━━ Raw data

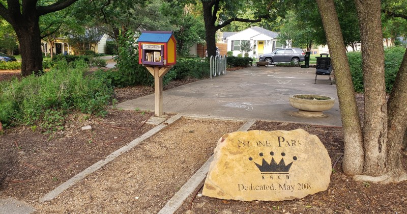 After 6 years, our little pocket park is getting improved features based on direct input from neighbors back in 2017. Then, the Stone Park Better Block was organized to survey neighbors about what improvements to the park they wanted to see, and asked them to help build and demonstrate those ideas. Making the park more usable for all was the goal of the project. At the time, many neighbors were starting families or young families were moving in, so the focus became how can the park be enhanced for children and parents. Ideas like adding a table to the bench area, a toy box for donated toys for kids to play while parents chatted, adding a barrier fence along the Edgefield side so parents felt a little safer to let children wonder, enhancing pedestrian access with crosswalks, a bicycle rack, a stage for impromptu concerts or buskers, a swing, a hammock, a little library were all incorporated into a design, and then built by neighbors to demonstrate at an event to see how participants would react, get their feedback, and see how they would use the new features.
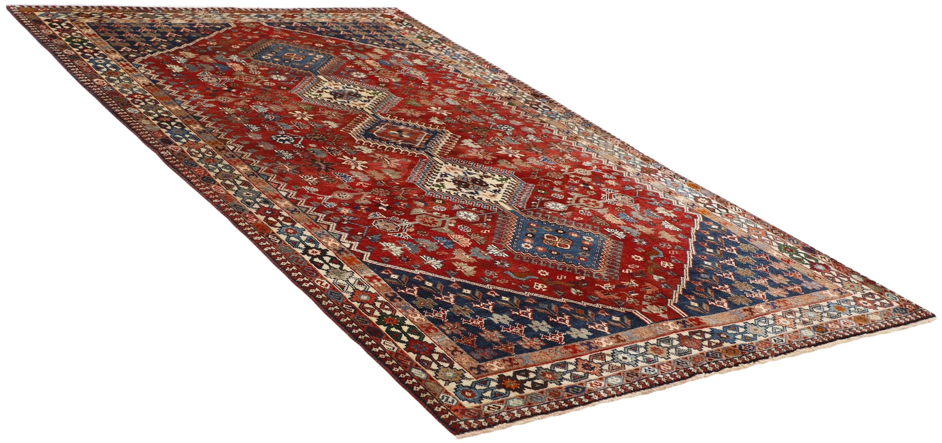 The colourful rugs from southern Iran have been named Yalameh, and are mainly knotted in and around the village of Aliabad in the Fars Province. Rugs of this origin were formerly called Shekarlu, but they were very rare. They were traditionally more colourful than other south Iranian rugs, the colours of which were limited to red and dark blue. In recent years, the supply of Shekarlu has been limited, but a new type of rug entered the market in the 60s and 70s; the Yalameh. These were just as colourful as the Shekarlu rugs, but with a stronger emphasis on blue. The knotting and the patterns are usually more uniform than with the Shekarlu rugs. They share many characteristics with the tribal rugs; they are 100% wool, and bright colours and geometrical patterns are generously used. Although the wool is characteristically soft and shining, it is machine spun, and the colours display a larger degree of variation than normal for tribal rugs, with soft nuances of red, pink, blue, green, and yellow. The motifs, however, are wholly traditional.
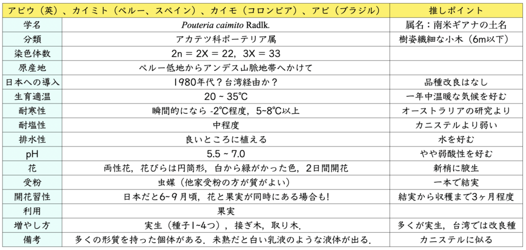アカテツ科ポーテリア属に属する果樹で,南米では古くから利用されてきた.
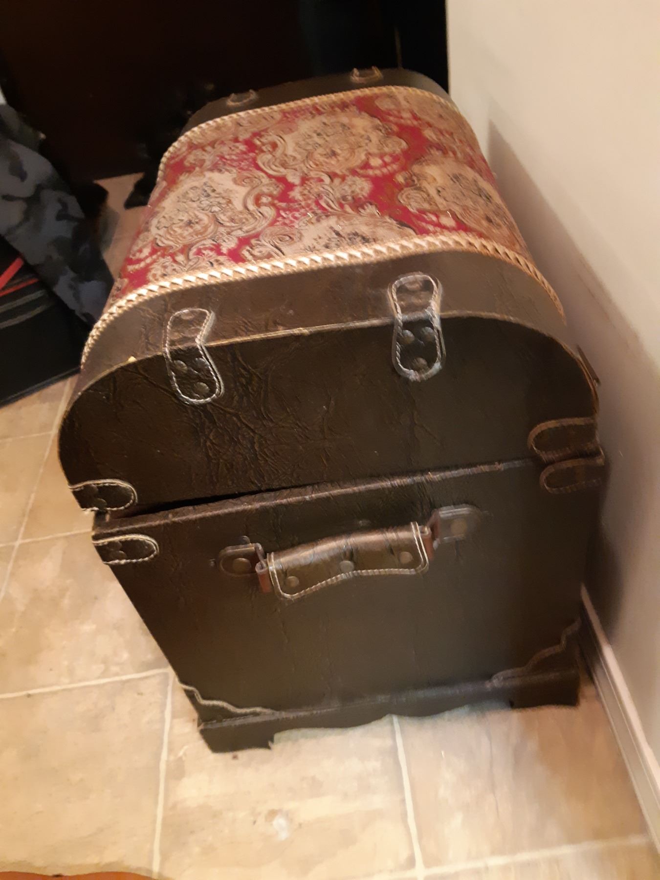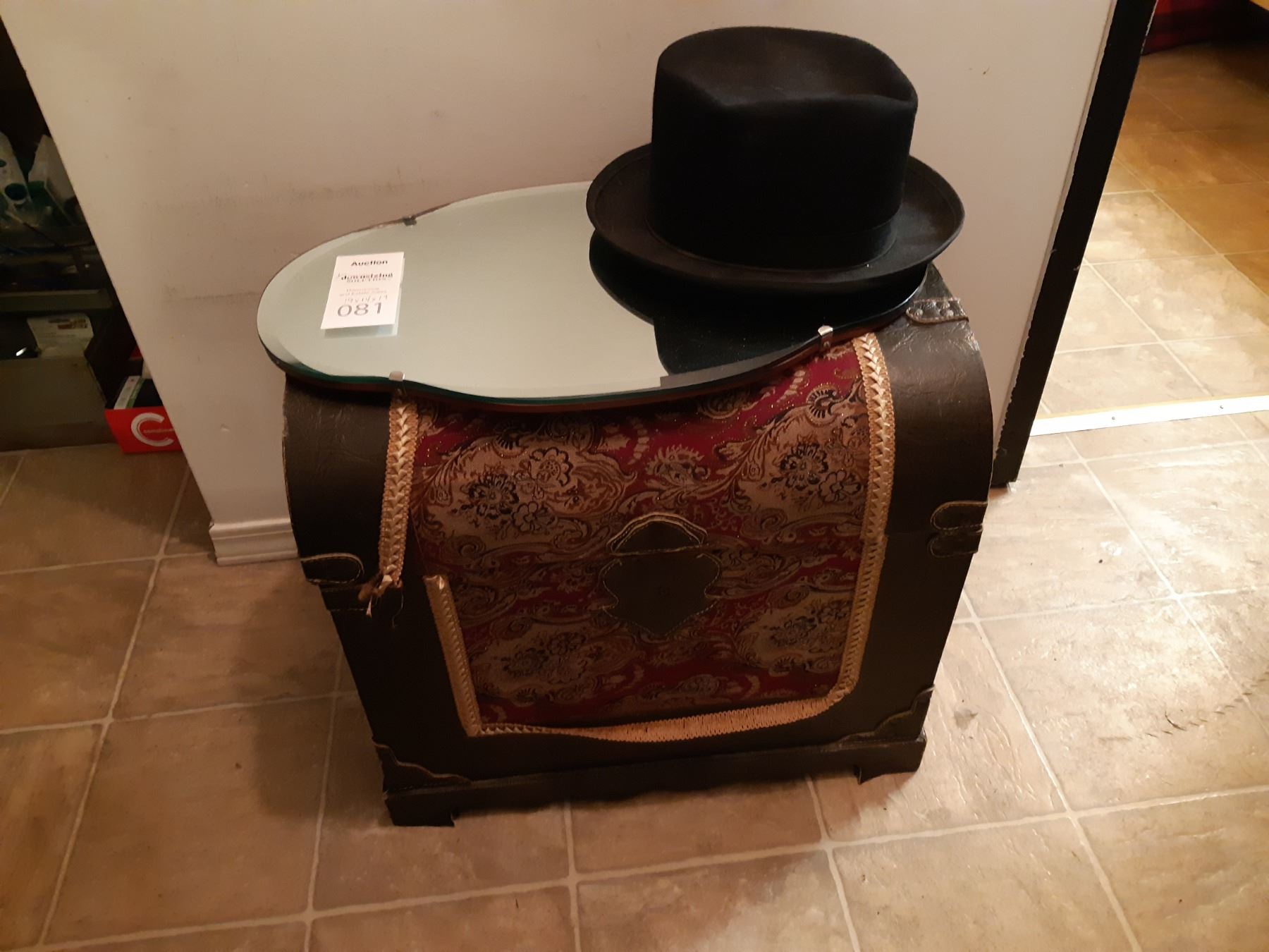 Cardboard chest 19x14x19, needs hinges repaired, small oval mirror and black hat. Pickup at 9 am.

━━━━
━━ Raw data

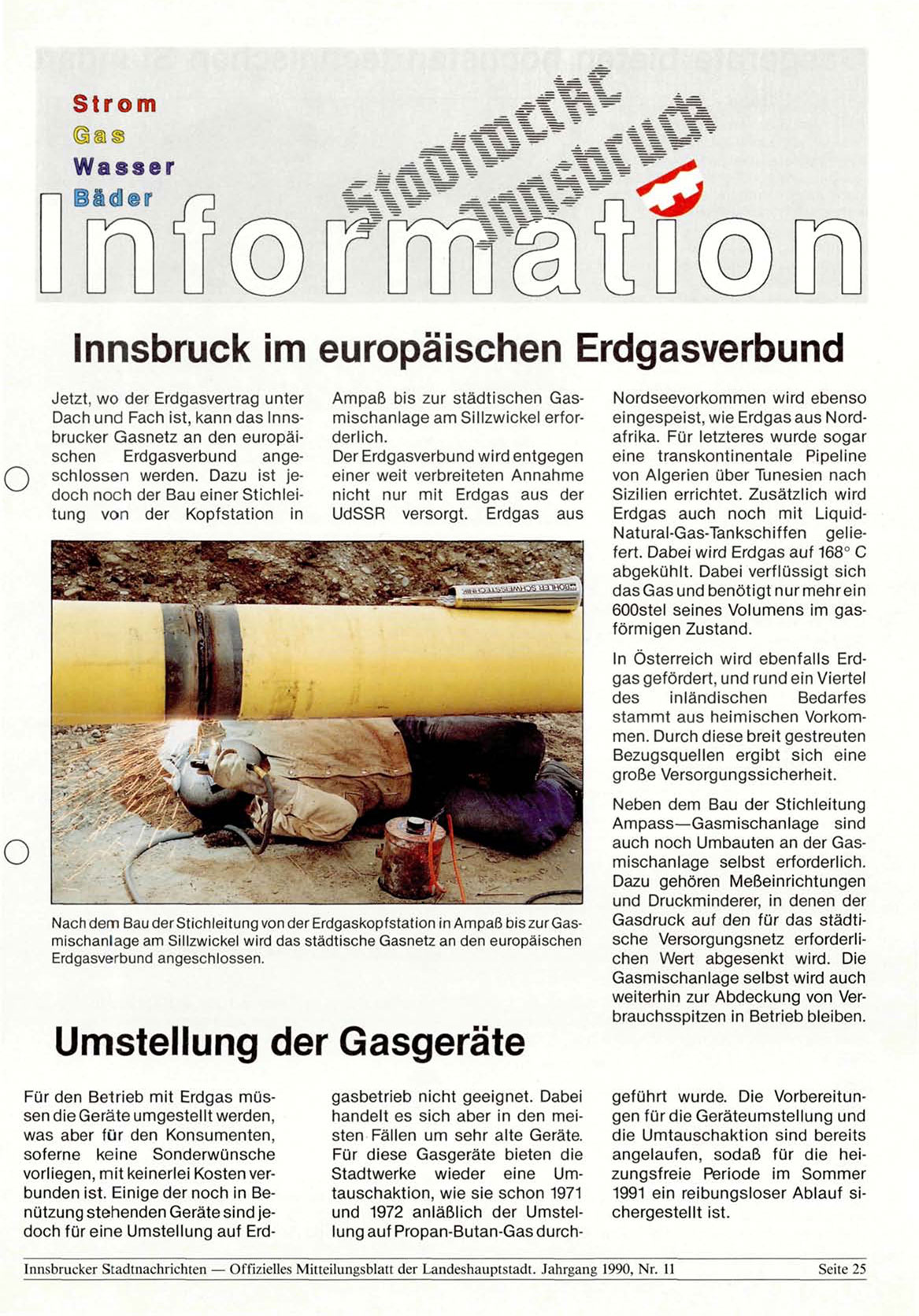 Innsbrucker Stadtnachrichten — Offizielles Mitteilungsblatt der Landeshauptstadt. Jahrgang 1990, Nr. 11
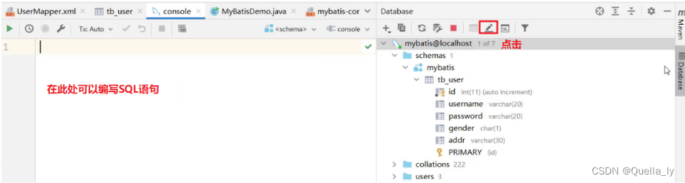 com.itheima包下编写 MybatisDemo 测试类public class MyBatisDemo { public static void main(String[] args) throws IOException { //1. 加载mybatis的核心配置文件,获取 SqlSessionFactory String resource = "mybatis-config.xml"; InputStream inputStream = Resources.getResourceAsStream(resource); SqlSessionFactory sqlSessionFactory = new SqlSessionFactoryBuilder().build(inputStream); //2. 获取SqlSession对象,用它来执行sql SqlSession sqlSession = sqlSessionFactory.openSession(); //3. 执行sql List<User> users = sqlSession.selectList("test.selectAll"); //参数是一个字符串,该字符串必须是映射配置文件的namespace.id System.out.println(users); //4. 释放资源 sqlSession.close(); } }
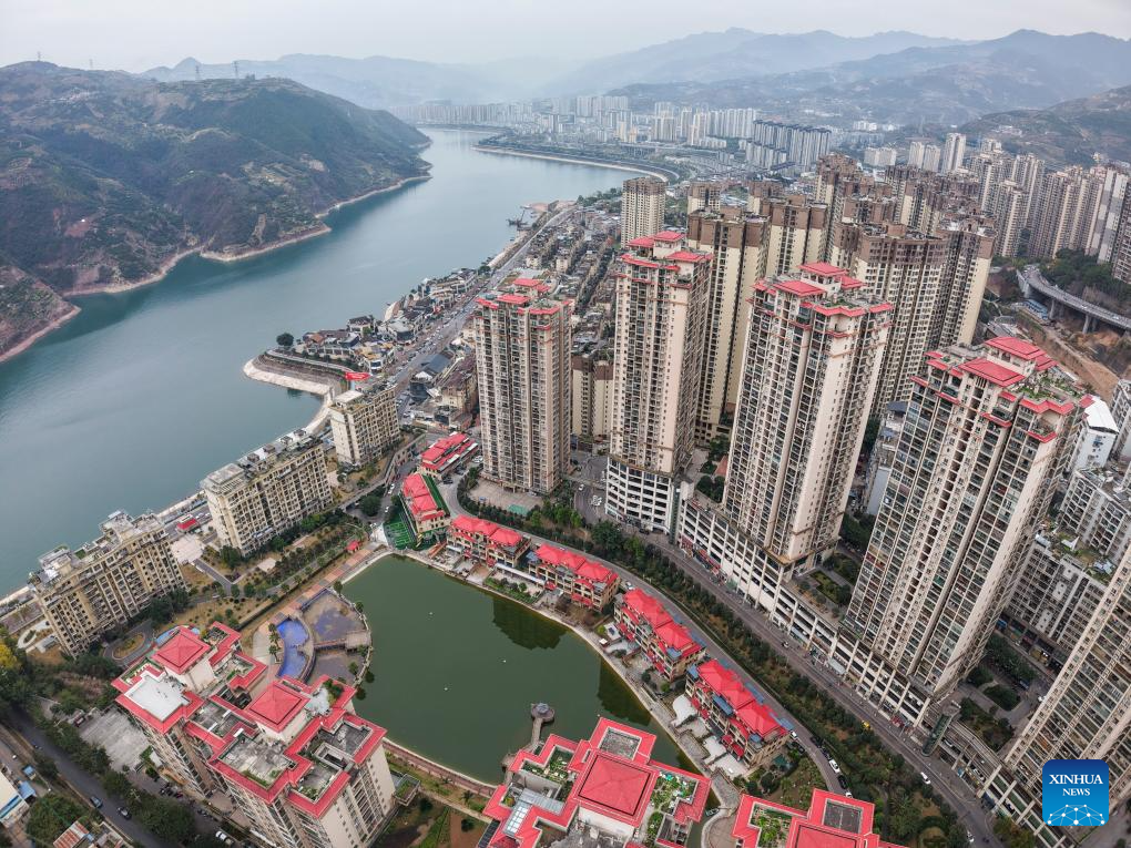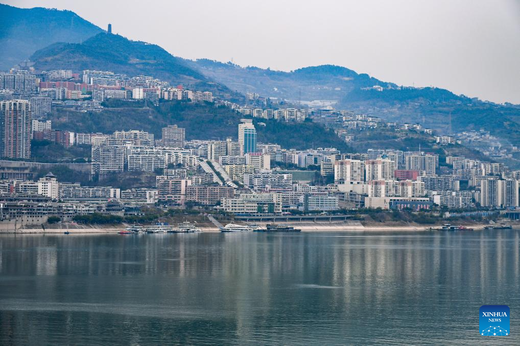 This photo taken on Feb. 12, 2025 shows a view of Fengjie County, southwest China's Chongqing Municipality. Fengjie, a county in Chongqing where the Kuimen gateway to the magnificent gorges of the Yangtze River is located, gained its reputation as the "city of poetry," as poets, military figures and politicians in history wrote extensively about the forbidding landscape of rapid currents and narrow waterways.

━━━━

Exercise description:
Above are some records; extract exactly the lines from the one containing "Innsbrucker Stadtnachrichten —" through the one containing "This photo taken" and drop the pictures.

Output of the exercise:
 Innsbrucker Stadtnachrichten — Offizielles Mitteilungsblatt der Landeshauptstadt. Jahrgang 1990, Nr. 11
 com.itheima包下编写 MybatisDemo 测试类public class MyBatisDemo { public static void main(String[] args) throws IOException { //1. 加载mybatis的核心配置文件,获取 SqlSessionFactory String resource = "mybatis-config.xml"; InputStream inputStream = Resources.getResourceAsStream(resource); SqlSessionFactory sqlSessionFactory = new SqlSessionFactoryBuilder().build(inputStream); //2. 获取SqlSession对象,用它来执行sql SqlSession sqlSession = sqlSessionFactory.openSession(); //3. 执行sql List<User> users = sqlSession.selectList("test.selectAll"); //参数是一个字符串,该字符串必须是映射配置文件的namespace.id System.out.println(users); //4. 释放资源 sqlSession.close(); } }
 This photo taken on Feb. 12, 2025 shows a view of Fengjie County, southwest China's Chongqing Municipality. Fengjie, a county in Chongqing where the Kuimen gateway to the magnificent gorges of the Yangtze River is located, gained its reputation as the "city of poetry," as poets, military figures and politicians in history wrote extensively about the forbidding landscape of rapid currents and narrow waterways.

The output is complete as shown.